Data Analysis with Python

We will now plot the data as scatter plots and visualize it on maps using Python.

Scatter Plots

First, we will divide the countries into their HDI rank and plot them according to their net migration rate, GDP growth and Inflation percentage. The three dimensional scatter plot can be shown below.

As expected, the countries with a high net migration rate also happen to have a high HDI, a high GDP growth and a low inflation percentage, whereas countries with a negative migrant rate are mostly underdeveloped and suffer from a low GDP growth and a high inflation.

Next, we will visualize the scatter plot of net migration rate, DALYs, and mortality.

Considering the high correlation of DALYs and mortality, we expect to see a clear distinction in the plot. As expected the countries with a high DALYs also have a high mortality and vice versa. We can clearly see in the plot that highly developed countries with low DALYs and mortality experience a high migrant rate whereas underdeveloped countries with high DALYs and mortality suffer from an increased number of emigration (negative net migration rate).

We are also able to animate this scatter plot by year to visualize the variation in those different features as a time series. You can refer to the code on GitHub to generate this scatter plot animation. Through this animation, we can learn about the yearly trends of the data.
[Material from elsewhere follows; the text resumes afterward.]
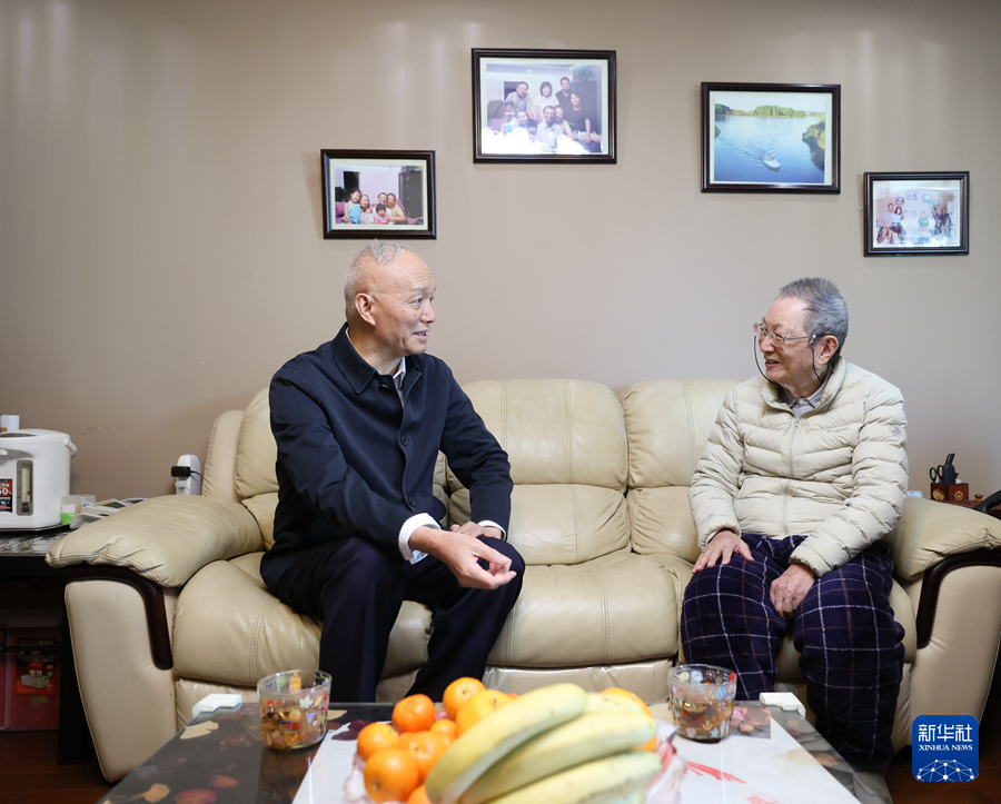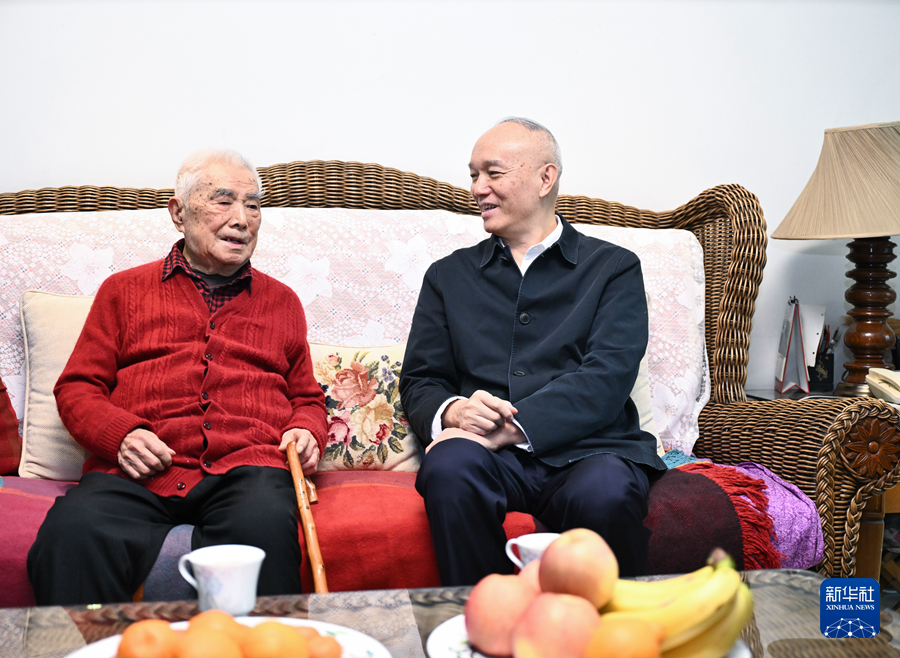 2月7日上午,中共中央政治局常委、中央书记处书记蔡奇代表习近平总书记和党中央看望文化界知名人士和科技专家,向他们致以诚挚问候,向广大文化工作者和科技工作者致以新春祝福。这是蔡奇看望中国科学院院士、放射化学专家王方定。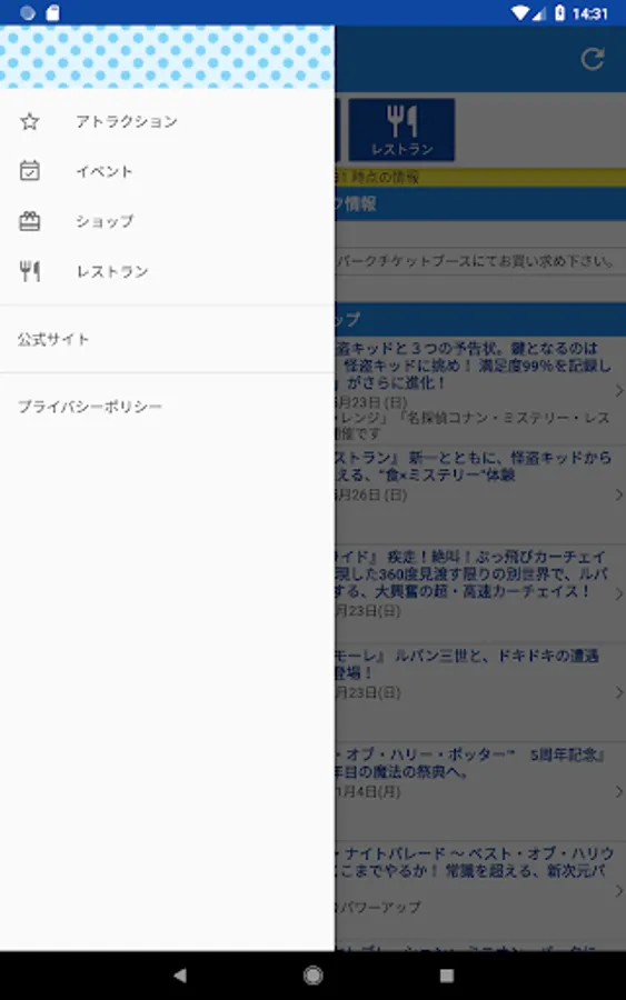 ・ Display of today's park information (parking lot status, opening hours, etc.) and pickup information

We notice that the DALYs and mortality tend to decrease from year to year and that the GDP growth fluctuates around 0 and 10% for most years except for its occasional fall during a market crash (e.g. 2008–2009 and 2020). Concerning the inflation, before 200 we can see a considerable dispersion of the data (indicating a large standard deviation) while after the year 2000 countries become closer in regards to the percentage of inflation. All these insights confirm what we deduced at the beginning from the boxplots of the distribution of the features in prior project section.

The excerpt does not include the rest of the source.